What the exercise asks:
When you copy the listing, skip the images and return each line verbatim.

Records to process:
[Start of section]
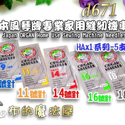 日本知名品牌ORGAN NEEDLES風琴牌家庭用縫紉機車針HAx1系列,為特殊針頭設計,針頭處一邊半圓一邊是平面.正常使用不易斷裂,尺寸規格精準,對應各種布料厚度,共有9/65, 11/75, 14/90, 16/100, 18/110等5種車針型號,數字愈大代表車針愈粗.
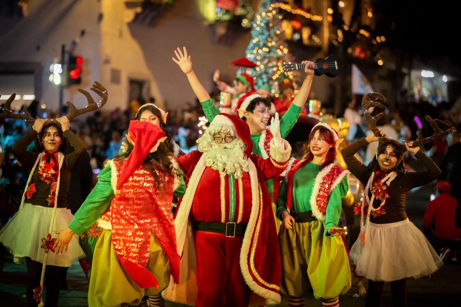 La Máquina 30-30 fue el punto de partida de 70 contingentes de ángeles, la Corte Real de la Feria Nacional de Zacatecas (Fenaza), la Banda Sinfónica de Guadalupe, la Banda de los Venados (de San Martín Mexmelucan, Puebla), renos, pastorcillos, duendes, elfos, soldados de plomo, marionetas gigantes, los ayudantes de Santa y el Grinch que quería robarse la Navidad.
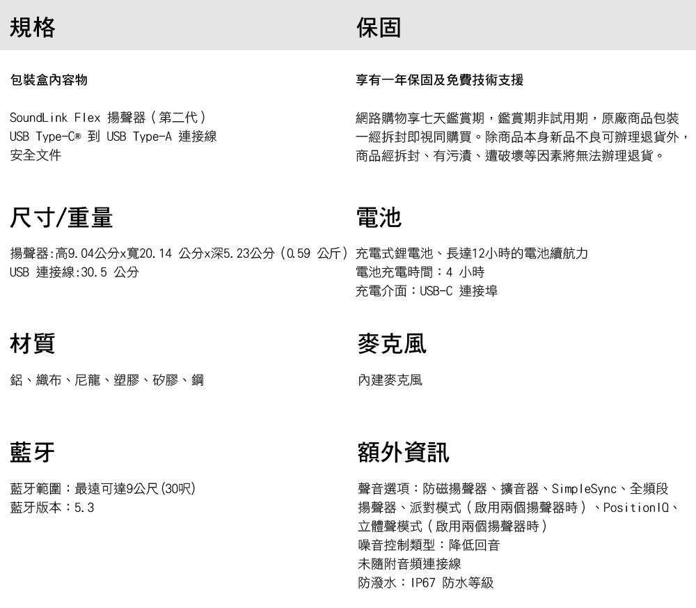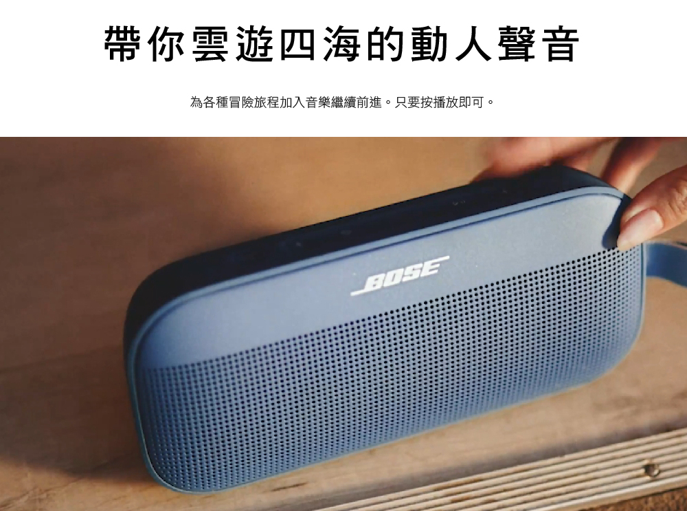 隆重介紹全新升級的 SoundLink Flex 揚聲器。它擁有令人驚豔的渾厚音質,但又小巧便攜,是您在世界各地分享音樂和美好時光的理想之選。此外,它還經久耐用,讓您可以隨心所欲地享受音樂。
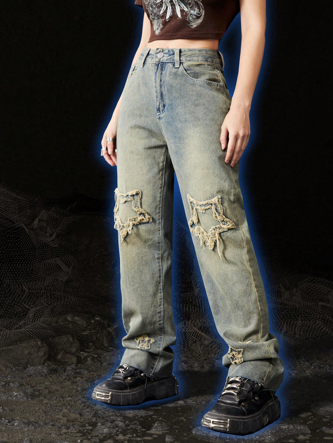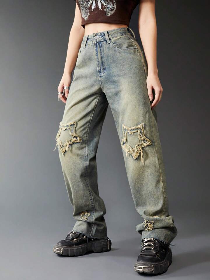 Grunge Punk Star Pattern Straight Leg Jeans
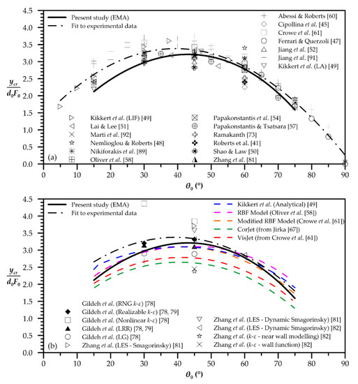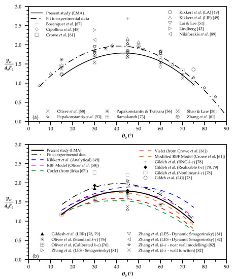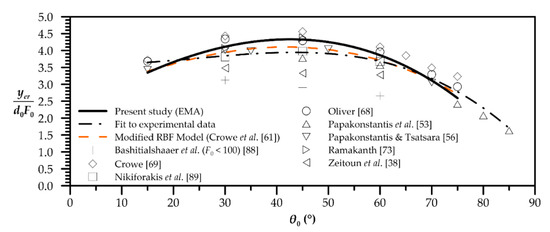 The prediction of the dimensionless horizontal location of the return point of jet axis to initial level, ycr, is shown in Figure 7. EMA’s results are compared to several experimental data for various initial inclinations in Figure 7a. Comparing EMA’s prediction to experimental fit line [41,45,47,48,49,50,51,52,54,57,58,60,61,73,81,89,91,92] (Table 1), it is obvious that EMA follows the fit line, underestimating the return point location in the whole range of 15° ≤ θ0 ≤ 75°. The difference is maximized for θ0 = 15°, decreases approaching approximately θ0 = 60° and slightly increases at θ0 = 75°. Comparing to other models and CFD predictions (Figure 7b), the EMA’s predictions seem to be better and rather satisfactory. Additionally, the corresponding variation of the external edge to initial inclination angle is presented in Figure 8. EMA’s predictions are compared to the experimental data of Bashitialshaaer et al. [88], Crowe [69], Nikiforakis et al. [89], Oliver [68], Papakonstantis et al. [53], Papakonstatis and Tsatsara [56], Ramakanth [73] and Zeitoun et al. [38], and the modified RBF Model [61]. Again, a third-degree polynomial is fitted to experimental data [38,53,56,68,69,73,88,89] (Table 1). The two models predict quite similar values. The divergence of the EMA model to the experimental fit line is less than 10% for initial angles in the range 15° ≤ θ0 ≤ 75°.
[End of section]
Expected answer:
 日本知名品牌ORGAN NEEDLES風琴牌家庭用縫紉機車針HAx1系列,為特殊針頭設計,針頭處一邊半圓一邊是平面.正常使用不易斷裂,尺寸規格精準,對應各種布料厚度,共有9/65, 11/75, 14/90, 16/100, 18/110等5種車針型號,數字愈大代表車針愈粗.
 La Máquina 30-30 fue el punto de partida de 70 contingentes de ángeles, la Corte Real de la Feria Nacional de Zacatecas (Fenaza), la Banda Sinfónica de Guadalupe, la Banda de los Venados (de San Martín Mexmelucan, Puebla), renos, pastorcillos, duendes, elfos, soldados de plomo, marionetas gigantes, los ayudantes de Santa y el Grinch que quería robarse la Navidad.
 隆重介紹全新升級的 SoundLink Flex 揚聲器。它擁有令人驚豔的渾厚音質,但又小巧便攜,是您在世界各地分享音樂和美好時光的理想之選。此外,它還經久耐用,讓您可以隨心所欲地享受音樂。
 Grunge Punk Star Pattern Straight Leg Jeans
 The prediction of the dimensionless horizontal location of the return point of jet axis to initial level, ycr, is shown in Figure 7. EMA’s results are compared to several experimental data for various initial inclinations in Figure 7a. Comparing EMA’s prediction to experimental fit line [41,45,47,48,49,50,51,52,54,57,58,60,61,73,81,89,91,92] (Table 1), it is obvious that EMA follows the fit line, underestimating the return point location in the whole range of 15° ≤ θ0 ≤ 75°. The difference is maximized for θ0 = 15°, decreases approaching approximately θ0 = 60° and slightly increases at θ0 = 75°. Comparing to other models and CFD predictions (Figure 7b), the EMA’s predictions seem to be better and rather satisfactory. Additionally, the corresponding variation of the external edge to initial inclination angle is presented in Figure 8. EMA’s predictions are compared to the experimental data of Bashitialshaaer et al. [88], Crowe [69], Nikiforakis et al. [89], Oliver [68], Papakonstantis et al. [53], Papakonstatis and Tsatsara [56], Ramakanth [73] and Zeitoun et al. [38], and the modified RBF Model [61]. Again, a third-degree polynomial is fitted to experimental data [38,53,56,68,69,73,88,89] (Table 1). The two models predict quite similar values. The divergence of the EMA model to the experimental fit line is less than 10% for initial angles in the range 15° ≤ θ0 ≤ 75°.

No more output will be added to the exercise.